Abu Rara bersama sang istri, Fitria Diana, dan anaknya lantas merencanakan penusukan sehari sebelum Wiranto tiba. Bahkan sebelum mengeksekusi rencananya, Abu Rara sempat menghubungi rekannya untuk menyampaikan rencana aksi teror itu.

"Sekitar pukul 16.30 WIB terdakwa juga membuat status pamitan di WhatsApp," ungkap jaksa, dilansir dari Detik News. "Serta menghubungi saksi Ummu Faruq melalui medsos telegram dan memberitahukan bahwa terdakwa akan melakukan amaliyah penyerangan terhadap Menko Polhukam Wiranto."

Abu Rara lantas berbagi tugas dengan sang istri. Ia bertugas menyerang Wiranto, sedangkan istri dan anaknya menyerang anggota TNI-Polri.

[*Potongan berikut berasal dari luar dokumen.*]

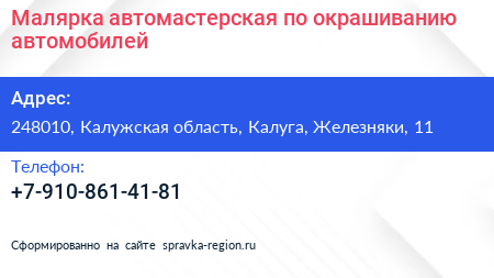 Малярка, автомастерская по окрашиванию автомобилей по адресу 248010, Калужская область, Калуга, Железняки, 11 в дальнейшем Организация, размещена в следующих категориях:
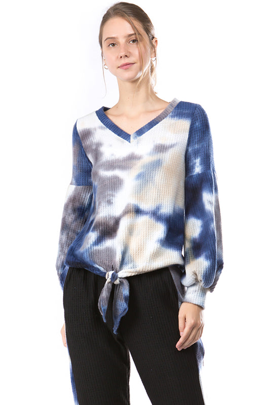 HATTIE V NECK TOP (BLUSH TAUPE BLUE TIE DYE)-VT2798T

Langkah itu nyatanya berhasil ditempuh Abu Rara dan menyebabkan Wiranto harus dirawat di rumah sakit selama beberapa saat. Berbekal pisau kunai, seperti penjelasan jaksa, Abu Rara berhasil menusuk perut Wiranto.

Beruntung Abu Rara bisa langsung diringkus oleh warga dan aparat yang berjaga. Atas serangan ini, 3 orang terluka. Abu Rara pun dijerat dengan tiga pasal.